EXERCISE INSTRUCTIONS ▸ Leave out every picture, and return exactly the lines from the line containing "Mens 3 pair" through the end of the records below, both inclusive.

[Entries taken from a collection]
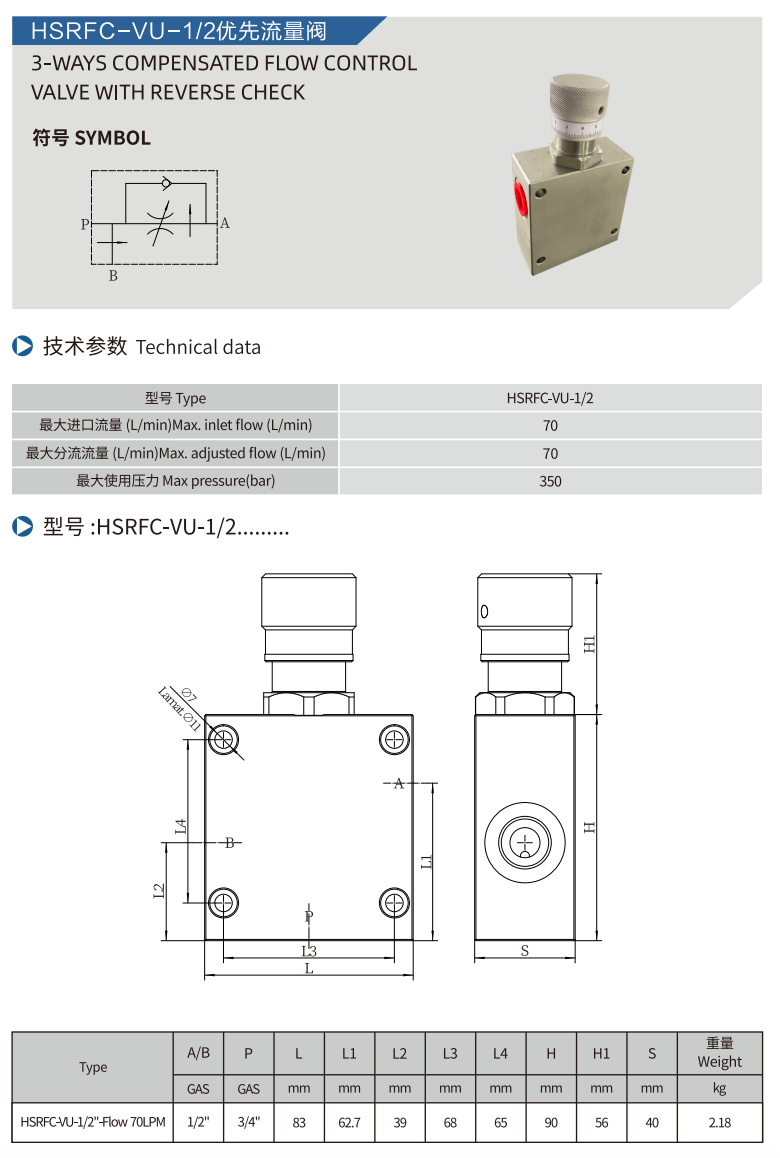 HSVRFC3 SERIES FLOW CONTROL VALVE THREE-WAY
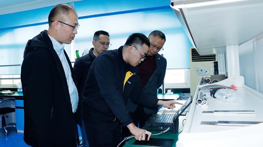 2024年1月10日,廣東省特種設備檢測研究院順德檢測院一行蒞臨我司參觀指導,先后參觀了我公司無塵車間、實驗室等,對我公司自主研發的無線式磁粉探傷儀、管道磁粉探傷儀、角焊縫磁粉探傷儀、腐蝕測厚機器人及聯合中國石油大學(華東)共同研發的ACFM交流電磁場檢測儀等設備進行性能測試,均達到預期效果,并對我公司研發、生產及售后能力給予高度肯定。
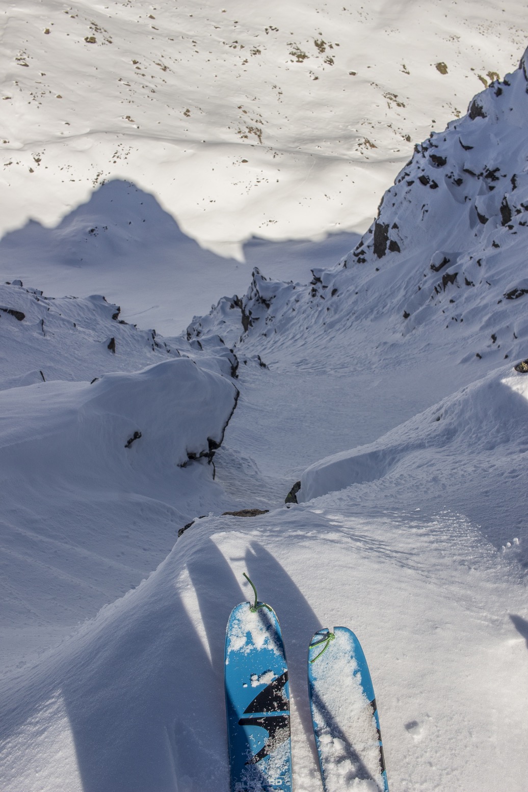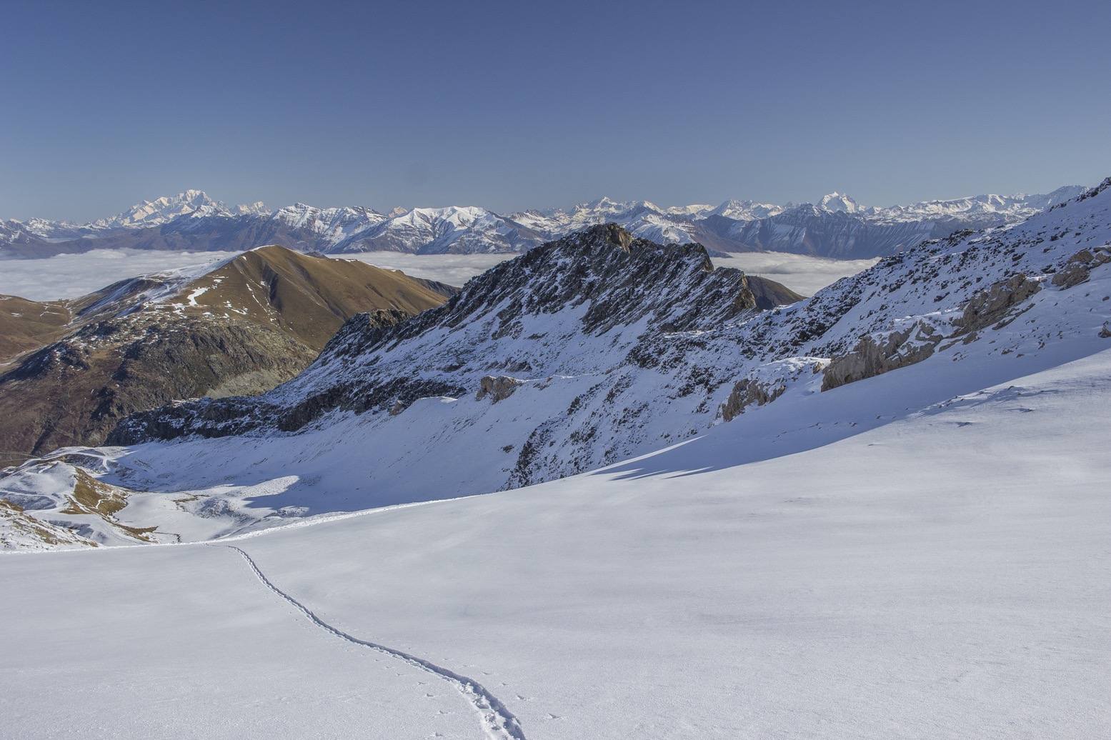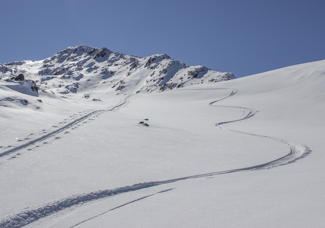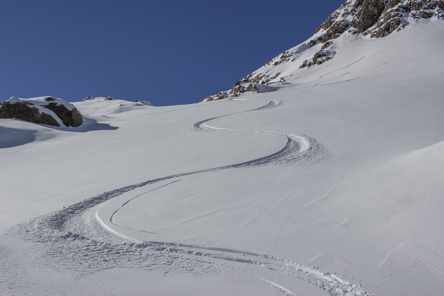 Très bonnes conditions de ski sauf dans le couloir nord avec sous-couche dure surmontée de petite poudre et soufflée.
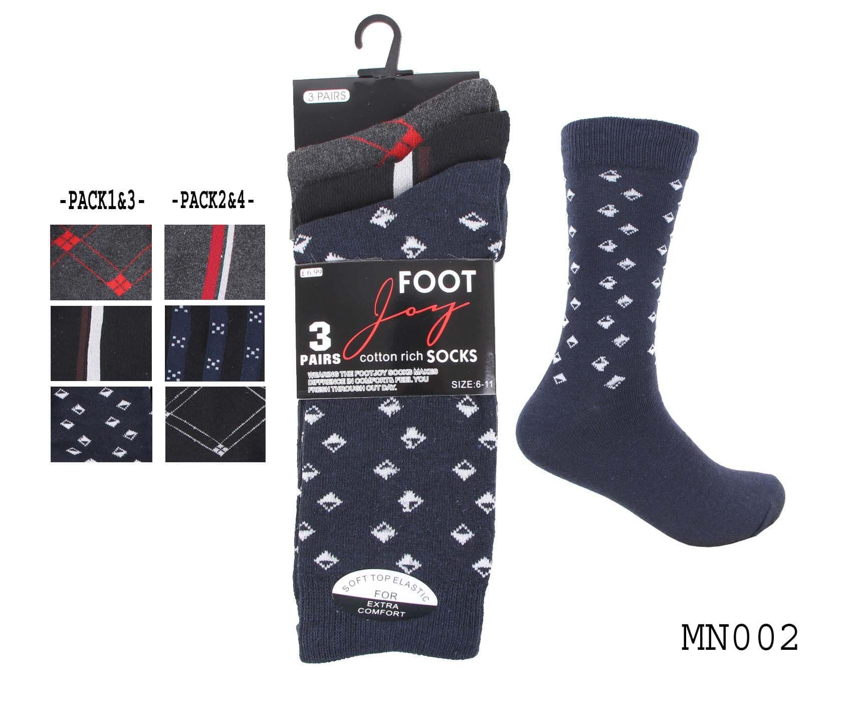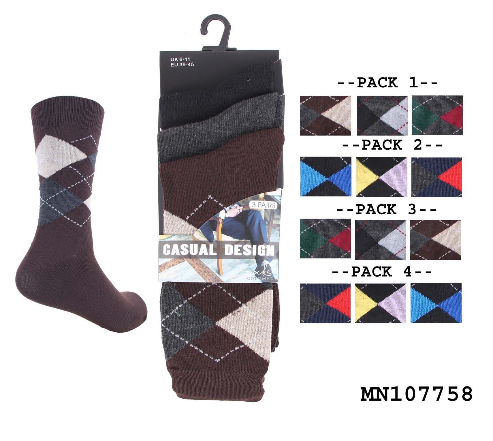 Mens 3 pair diamond style dress socks cotton causal wear socks
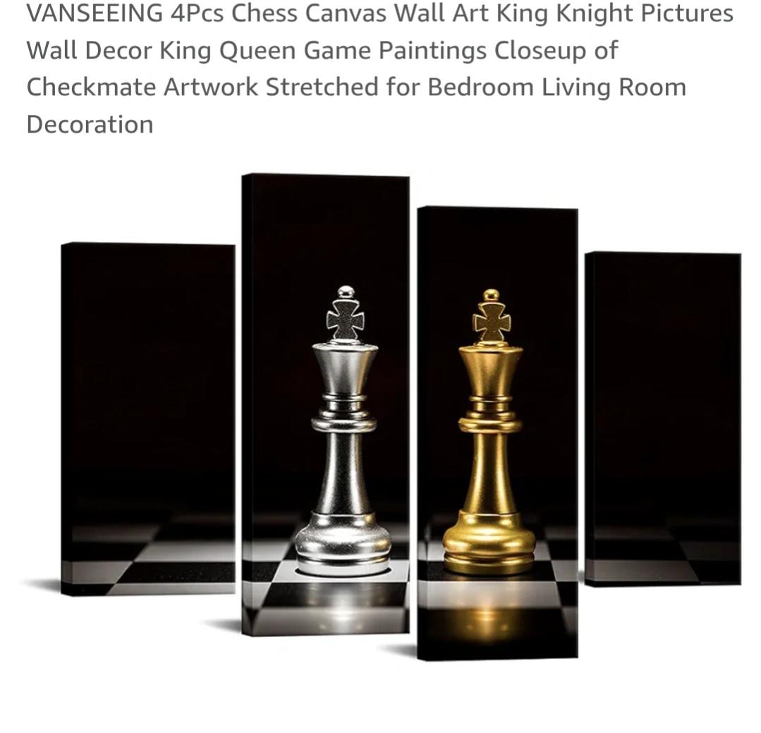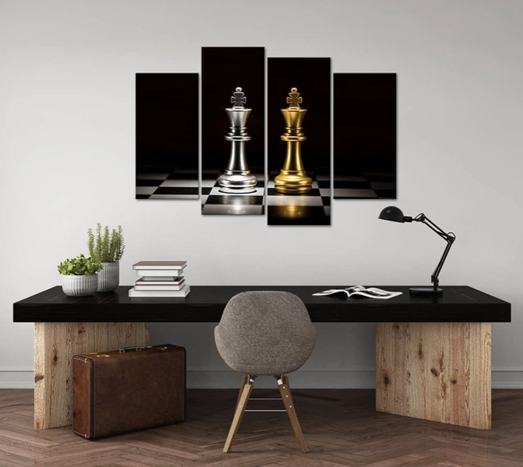 *NEW IN BOX* 4-Piece Canvas Chess King Wall Art
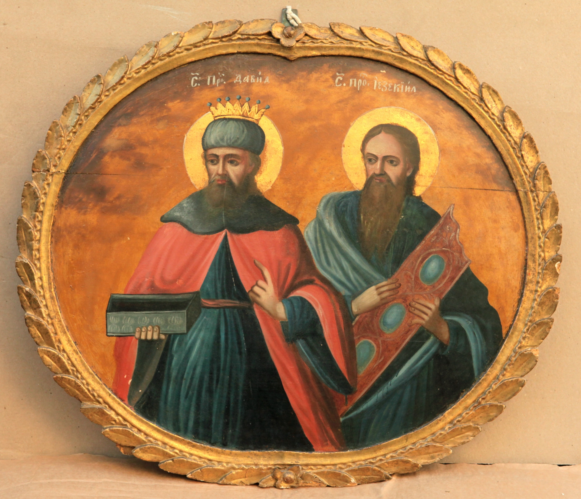 Icoană de formă ovaloidă: 2 proroci pînă la bust, în decor vegetal sculptat în lemn, aurit. David (stg) cu o carte în mîna drp, în chiton albastru şi mantie roşie. Iezechil în mantie albastru-deschisă, ţine în mîini un obiect al prorocirilor sale. Nimburi aurii. Fondal ocru-maro.
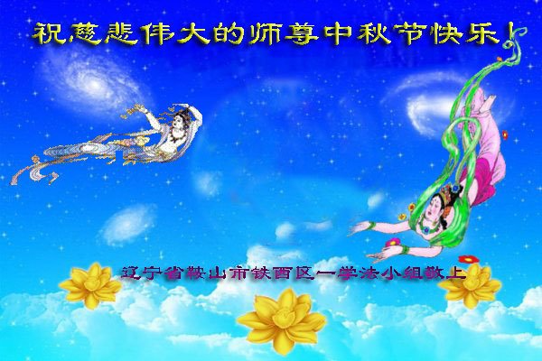 遼寧省鞍山市鐵西區一學法小組大法弟子祝師尊中秋節快樂!

ANSWER SPACE ▸
 Mens 3 pair diamond style dress socks cotton causal wear socks
 *NEW IN BOX* 4-Piece Canvas Chess King Wall Art
 Icoană de formă ovaloidă: 2 proroci pînă la bust, în decor vegetal sculptat în lemn, aurit. David (stg) cu o carte în mîna drp, în chiton albastru şi mantie roşie. Iezechil în mantie albastru-deschisă, ţine în mîini un obiect al prorocirilor sale. Nimburi aurii. Fondal ocru-maro.
 遼寧省鞍山市鐵西區一學法小組大法弟子祝師尊中秋節快樂!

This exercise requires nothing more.